Companies closed just over 5,000 workplace arbitration cases in 2020, up from more than 3,000 cases in 2018, according to an American Association for Justice report released Wednesday.

The data appears to back a growing trend of companies using arbitration agreements to resolve worker claims through private dispute resolution. The practice has been bolstered by U.S. Supreme Court decisions over the past decade, but it’s been targeted in the wake of the #MeToo movement by worker groups, shareholders, and legislatures as harmful to workers because of a lack of transparency in the process.

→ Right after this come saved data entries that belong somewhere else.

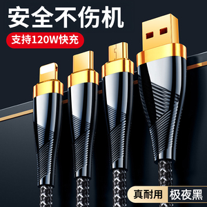 【德国品质】三合一快充数据线一拖三充电线6A手机车载适用华为mate70苹果16安卓多头三头3多功能typec充电宝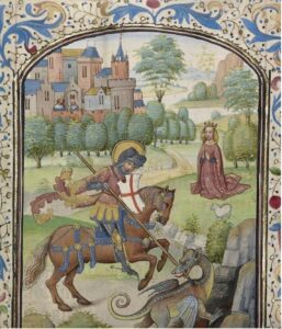 In tutto il Medioevo la figura di s. Giorgio, il cui nome aveva tutt’altro significato, cioè ‘agricoltore’, divenne oggetto di una letteratura epica che gareggiava con i cicli bretone e carolingio.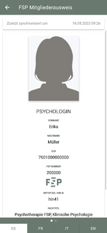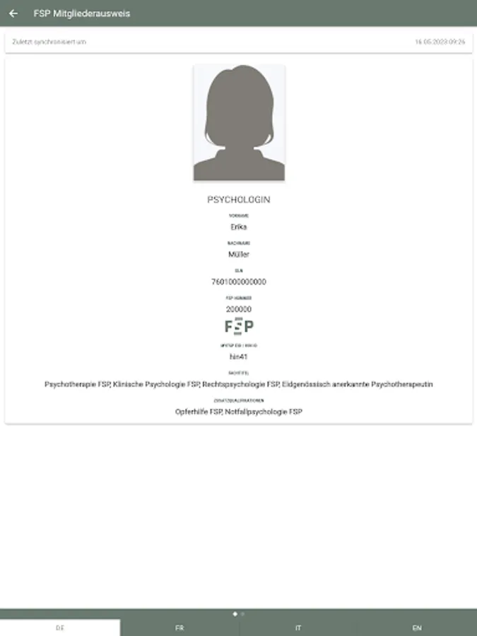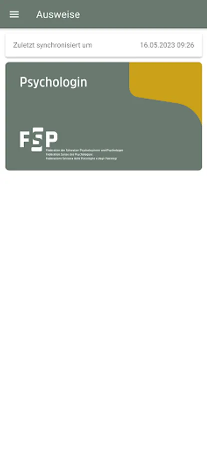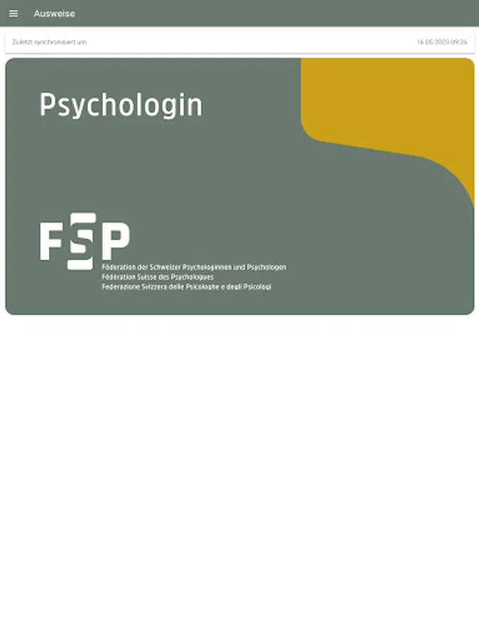 The myFSP app contains the electronic membership card of the Federation of Swiss Psychologists (FSP). It identifies you as a psychologist and shows the specialist titles you have acquired and additional qualifications.

Some employers—including Facebook Inc., Alphabet Inc.’s Google, Microsoft Corp., Uber Technologies Inc., Lyft Inc., and Wells Fargo & Co.—have said they would drop mandatory arbitration for sexual harassment and assault claims. But companies also have dug their heels into enforcing arbitration pacts when workers allege wage-and-hour and other types of discrimination violations, leading to repeated clashes in court.

. . .

The new report comes as the House Judiciary Committee considers legislation (H.R. 963) that would eliminate the use of mandatory arbitration in employment and consumer agreements. The bill will almost certainly face headwinds from business groups and Republicans, who argue that arbitration is a faster and more efficient way to resolve disputes than the court system.

. . .

Federal Legislation

States previously have attempted to curb arbitration in cases of sexual harassment, but courts have mostly held that the Federal Arbitration Act preempts those measures. One notable exception is a California law a federal appeals court revived in September that is pending further review.

In light of the power of federal law, Congress is considering the Forced Arbitration Injustice Repeal Act, which would amend federal law to ban mandatory arbitration agreements for employment, consumer, antitrust, or civil rights disputes.

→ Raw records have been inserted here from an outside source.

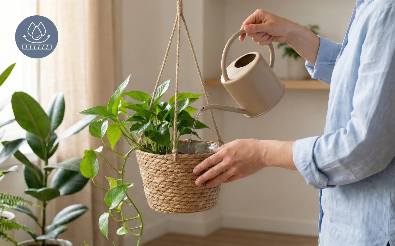 I’m not gentle when I water, but the hidden plastic layer catches every drop. My bookshelf beneath it has stayed spotless for months.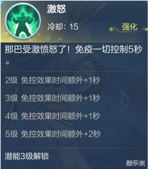 生气后的那巴虽然会降低他的判断力(本来也没有╮(╯▽╰)╭),但是会让其变得更为狂暴。激怒状态下的那巴在该技能5级状态下可以在10秒内无视对方一切控制技能。龟龟,果然被愤怒冲昏头脑的那巴不是好惹的。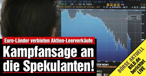 Frankfurt/Main (dpa) - Die NervositŠt am deutschen Aktienmarkt ist immer noch spŸrbar. Der Leitindex Dax gab in den ersten Handelsminuten einen Teil seiner Erholung wieder ab und stand knapp 2 Prozent tiefer als gestern, als er das erste Plus nach elf Minustagen in Folge verbuchte. Bšrsenaufsichten in mehreren europŠischen LŠndern gehen jetzt gegen sogenannte LeerverkŠufe von Aktien vor. So soll die Mšglichkeit eingeschrŠnkt werden, aus der Verbreitung falscher GerŸchte Profit zu schlagen.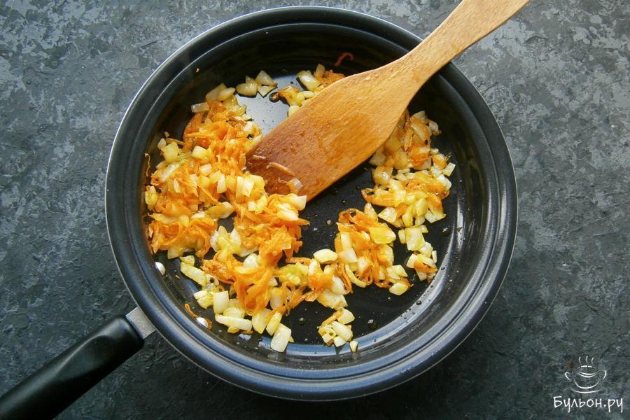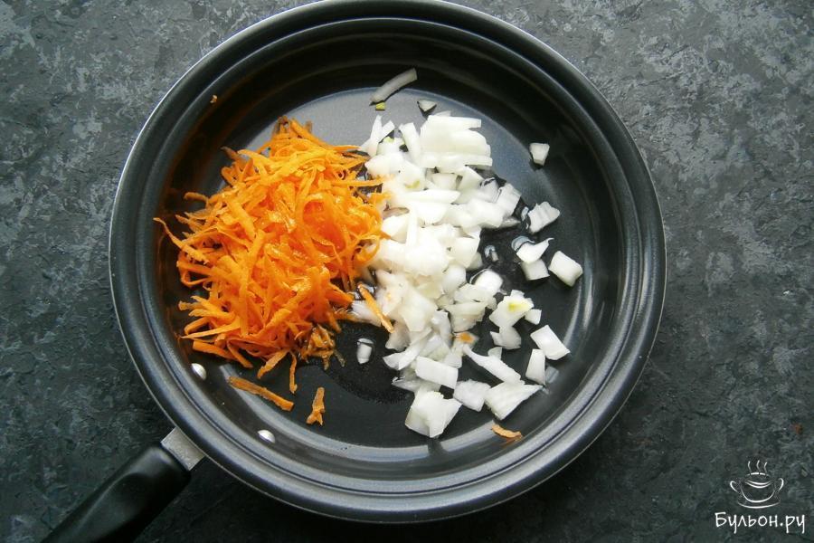 3. Лук мелко порезать, морковку натереть, поместить овощи в сковороду, влить 3 ст. л. растительного масла.

The U.S. Chamber of Commerce has fought the FAIR Act and argued to lawmakers that the bill promotes, “expensive class action litigation that does little to help businesses, consumers and employees and serves principally to benefit the attorneys who file class action lawsuits.” It cites studies from the Institute for Legal Reform that show instead that employees can prevail and recover more money than they could in court.

Congress also is weighing a separate bill to end the enforceability of mandatory arbitration agreements for workers alleging sexual harassment or assault.

Mass Filings

The AAJ report found that companies, including Amazon.com Inc., American Express Co., and AT&T, at times faced more than 10, and sometimes over 100, arbitration filings in a single day.

This could be an indication that companies are being hit with “mass arbitration” claims, attorneys said. Gig companies, including DoorDash Inc. and Postmates Inc., have faced that tactic in recent years, forcing the companies to pay millions in arbitration fees up front.

Those tactics, however, are rare and can only be handled en masse by large firms that have the resources, said Joe Sellers, a partner with Cohen, Milstein, Sellers & Toll PLLC. He represents workers in litigation and arbitration disputes.

The cost of arbitration fees to companies in those situations can be high and far more burdensome than proceeding in court.

“There are several phenomena going on at the same time. There’s a temptation by companies to use these agreements to avoid class claims, but they may be forced to incur large amounts of transaction costs to handle multiple claims that are very similar,” he said. “The increased use of arbitration is largely a hedge against the class actions.”